Belakangan ini aksi teror berupa penggranatan kantor partai politik dan penghilangan atribut partai tertentu semakin sering terjadi. Seperti diberitakan Harian ini kemarin, Jumat (23/1), sasaran teror menimpa kantor DPD Partai Golkar Bireuen yang beralamat di Jalan Malikussaleh, Kota Juang, Bireuen. Aksi teror tersebut seperti menyadarkan kita bahwa tak semua partai dan tempat bebas dari aksi teror.

Aksi penggranatan Kantor DPD Golkar bukanlah yang pertama. Karena aksi serupa sudah pernah terjadi sebelumnya seperti yang menimpa Kantor DPP Partai Aceh (PA) di Banda Aceh, Selasa (13/1). Sementara di Bener Meriah, mobil operasional KPA Wilayah Linge jenis Mitsubishi Estrada Double Cabin BL 8069 AT dibakar orang tak dikenal saat diparkir di depan kantor KPA Simpang Tiga, Redelong, Bener Meriah, Rabu (21/1) sekitar pukul 3.30 WIB.

Di saat bersamaan, sejumlah baliho milik Caleg dari berbagai partai politik di Reuleut, Kecamatan Muara Batu, Aceh Utara, juga dibakar.

Tak hanya itu, sebelumnya mobil anggota Partai Aceh (PA) dengan nomor polisi BK 41 IN milik Tgk Banta hangus terbakar setelah dilempar granat oleh orang tak dikenal (OTK) pada Jumat (16/1) dini hari pukul 05.00 Wib. Mobil Fortuner yang bergambar Partai Aceh (PA) tersebut di parkir di depan Hotel UKM, Peunayong Banda Aceh.

Aksi-aksi tersebut semakin menambah keyakinan kita bahwa pesta demokrasi di Aceh bakal berlangsung dalam kondisi yang tidak nyaman. Insiden-insiden kekerasan, termasuk aksi intimidasi dan penghilangan atribut partai semakin marak, terutama menjelang berlangsungnya Pemilu. Padahal, semua pihak berharap, Pemilu di Aceh berlangsung tanpa insiden kekerasan. Namun, kenyataan di lapangan membuat kita ragu, karena Pemilu di Aceh tidak mungkin berjalan aman tanpa diwarnai aksi kekerasan.

Menyimak fenomena kekerasan dan teror tersebut membuat kita heran, karena aksi-aksi teror itu tak pernah mampu diungkap secara pasti.
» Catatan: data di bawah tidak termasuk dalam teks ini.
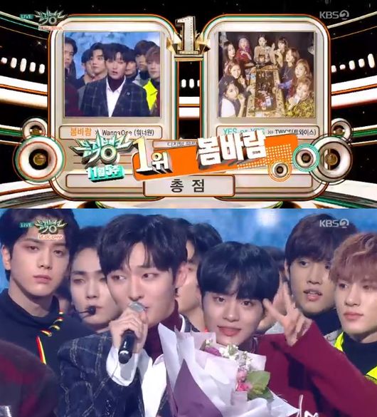 30일 방송된 KBS 2TV '뮤직뱅크'에는 워너원의 '봄바람'은 트와이스의 'YES or YES'를 제치고 1위를 차지했다. 워너원은 컴백과 동시에 1위를 차지한 것에 감사하다는 말을 전했으며, 오페라 버전 '봄바람'을 부르며 1위 공약을 이행했다.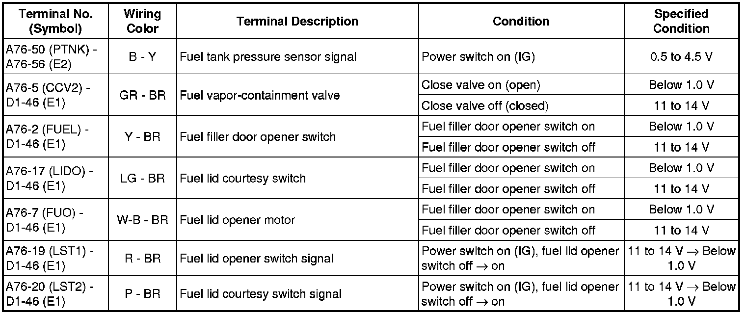 The standard normal voltage between each pair of the ECM terminals is shown in the table below. The appropriate conditions for checking each pair of the terminals are also indicated.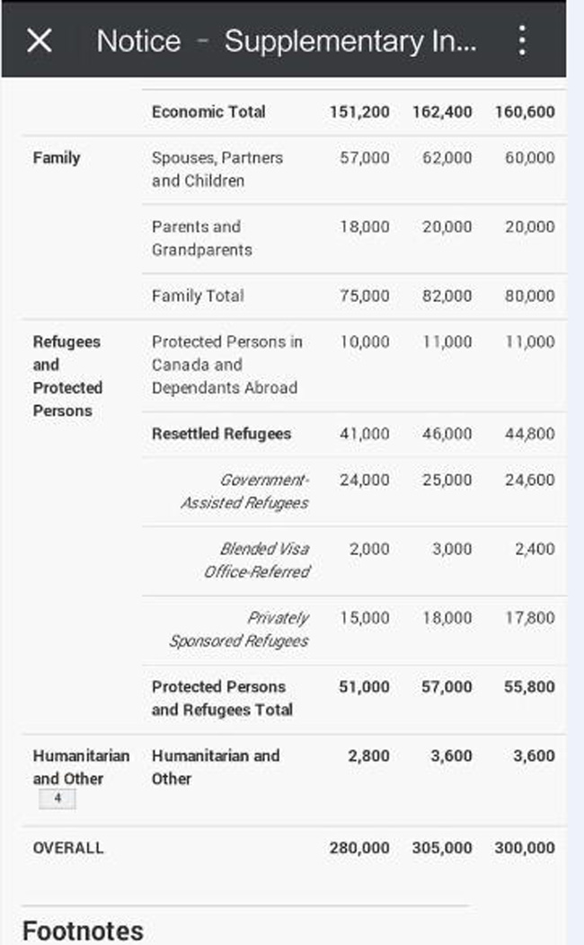 今年家庭团聚的总配额是8万,而家庭团聚类配偶及子女目标是6万,父母和祖父母目标是2万。难民的总配额将近6万人,还没包括人道救援的3600个名额。经济类移民的总配额是15万-16万个,包括联邦、省提名以及魁省移民三大部分。联邦技术移民占5万-6万,而魁省技术移民则占不足3万个。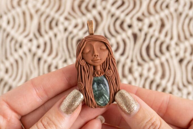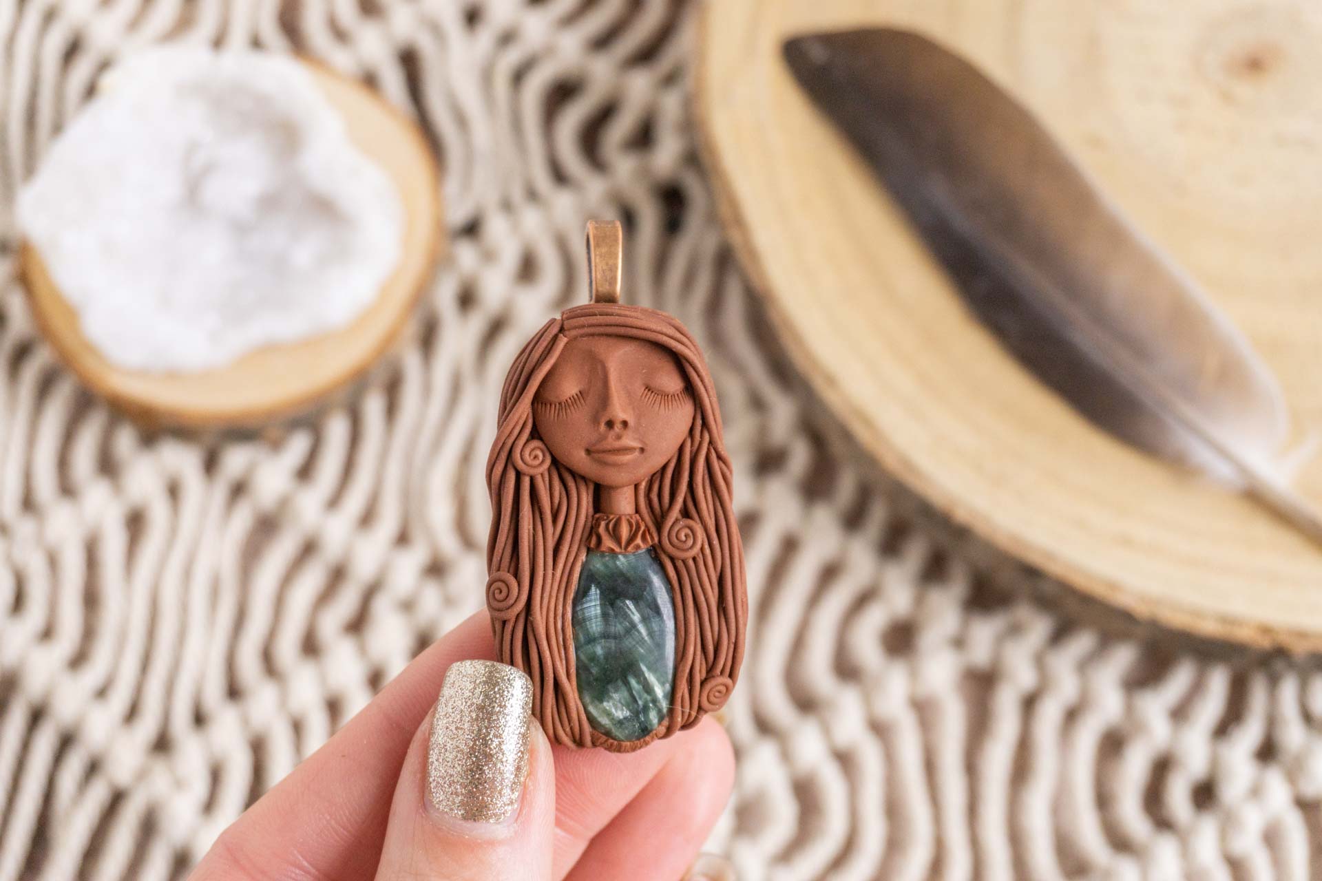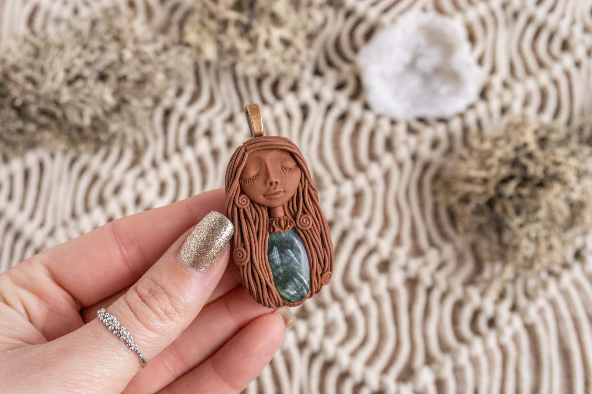 Čarobnica je izdelana iz polimerne gline. Vsak kos je unikaten in na voljo samo en kos. Izdelek lahko minimalno odstopa v barvnih niansah in detajlih, vendar se trudim, da bo vaš izdelek v naravi identičen opisu in fotografiji.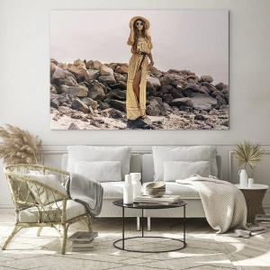 Obraz "Magie kamenů" je unikátní kompozice, která spojuje ženskou eleganci se smyslností přírody. V popředí vidíme stylovou ženu oblečenou v dlouhých, splývavých šatech v odstínech žluté s jemným páskem v pase. Klobouk a tmavé sluneční brýle doplňují její letní outfit v duchu boho stylu, který zdůrazňuje uvolněnost, svobodu a blízkost přírodě. Ženská postava je zobrazena na pozadí skalnatého pobřeží, což vytváří kontrast mezi jemností siluety a drsností okolí.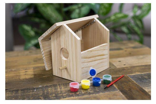 • Includes wooden birdhouse with chain and perch, 4 paints, and paintbrush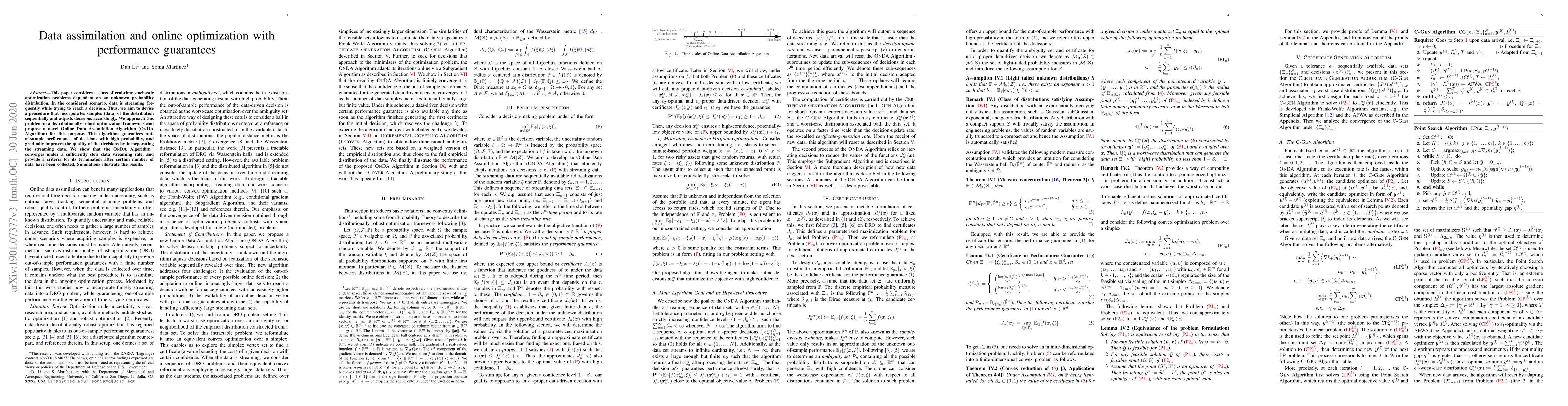 This paper considers a class of real-time stochastic optimization problems dependent on an unknown probability distribution. In the considered scenario, data is streaming frequently while trying to reach a decision. Thus, we aim to devise a procedure that incorporates samples (data) of the distribution sequentially and adjusts decisions accordingly. We approach this problem in a distributionally robust optimization framework and propose a novel Online Data Assimilation Algorithm (ONDA Algorithm) for this purpose. This algorithm guarantees out-of-sample performance of decisions with high probability, and gradually improves the quality of the decisions by incorporating the streaming data. We show that the ONDA Algorithm converges under a sufficiently slow data streaming rate, and provide a criteria for its termination after certain number of data have been collected. Simulations illustrate the results.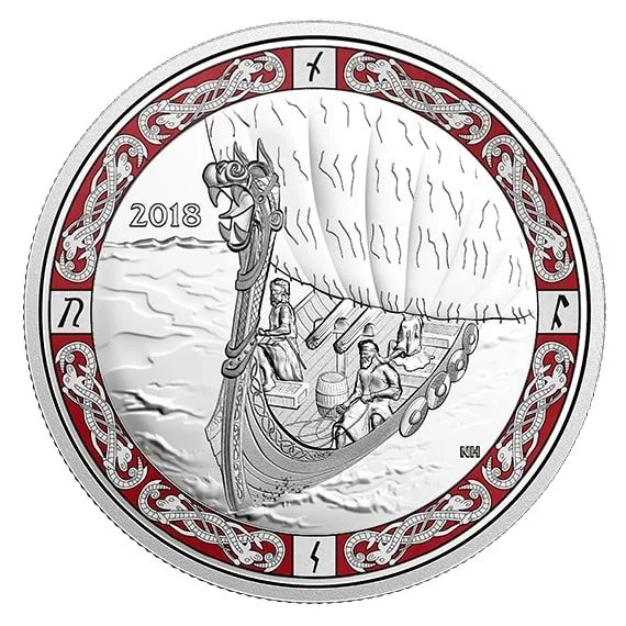 A Viking ship at sea, framed by Jellinge-style serpents and runes for the cardinal points, honoring their exploration.
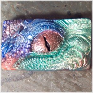Mythical dragon eye soap set of two bars brings a magical aura to your bath. These colorful soaps are created one at a time so every one is unique in its color placement. The dramatic style of the piercing eye of the dragon is highlighted with copper accents and the background is a blend of deep sapphire blues, and emerald greens. This soap is in a dramatic style that is elevated above the child like story book dragons and is fashioned to capture the majesty of this fascinating creature of mythology.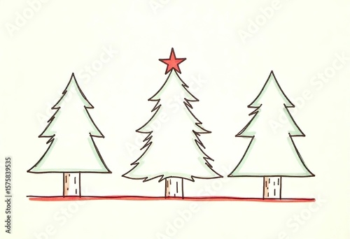 Three stylized Christmas trees, against a white background, creating a whimsical, hand-drawn aesthetic. Christmas card or a simple graphic design element. Flat design, cartoonish, line art, outline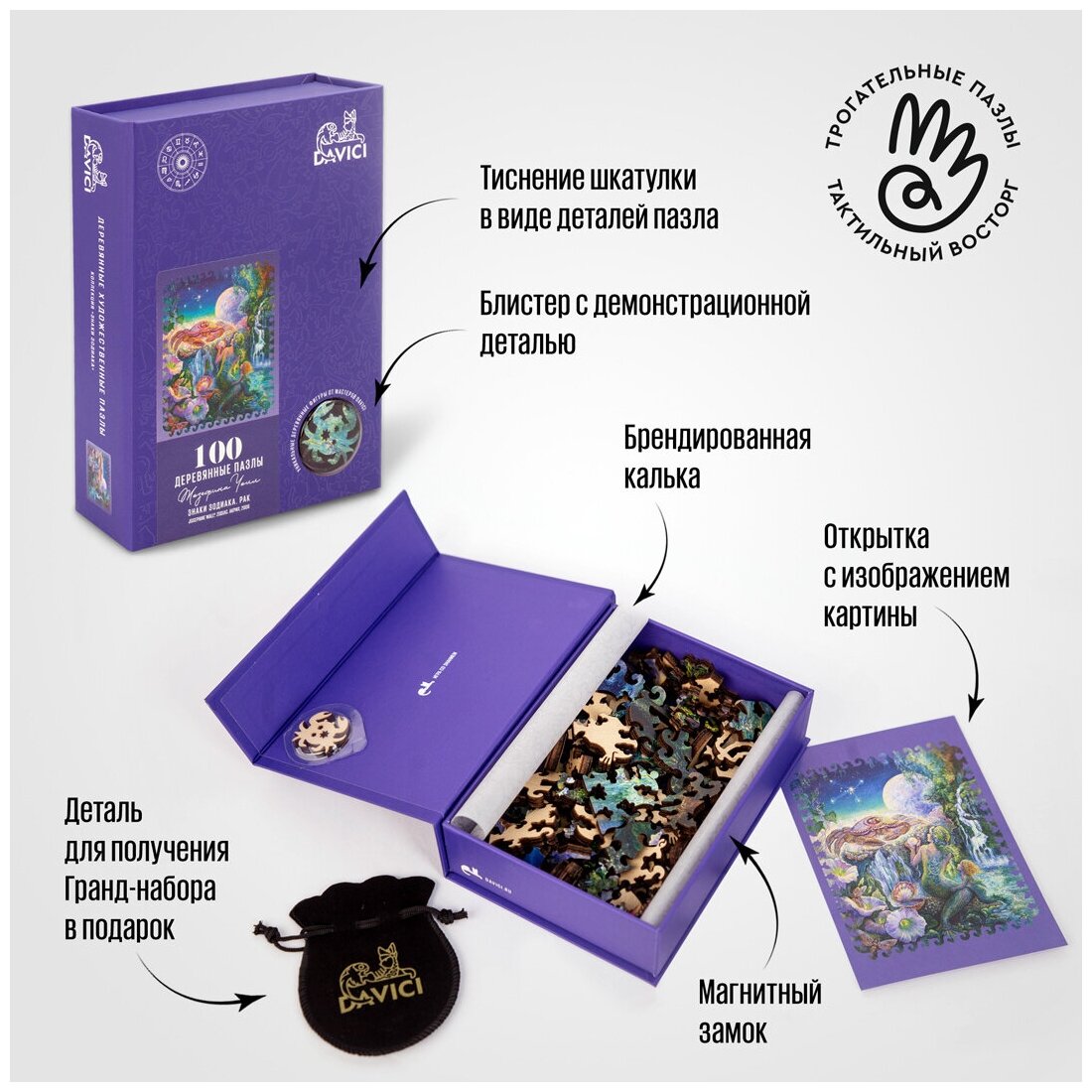 На сегодняшний день товар «Деревянная игрушка Davici Пазл Знак зодиака Рак (100 элементов)» можно купить с кешбеком в 1 магазине: Яндекс.Маркет

Setiap kasus dan insiden penggranatan selalu tenggelam dengan munculnya kasus lain. Pihak keamanan juga tidak mampu melakukan deteksi dini untuk mengantisipasi meluasnya aksi teror. Seharusnya, ketika tensi kekerasan semakin meningkat, pihak keamanan mampu mengantisipasi dan mendeksi meluasnya kasus teror itu.

Pelaku teror seperti sudah tahu kapan dan dimana aksi teror dilakukan, tanpa mampu dicegah. Mereka seperti mempermainkan aparat keamanan, karena dalam beberapa kali insiden justru terjadi di pusat kota, yang menurut kita kondisinya lebih aman dengan sistem keamanan yang ketat.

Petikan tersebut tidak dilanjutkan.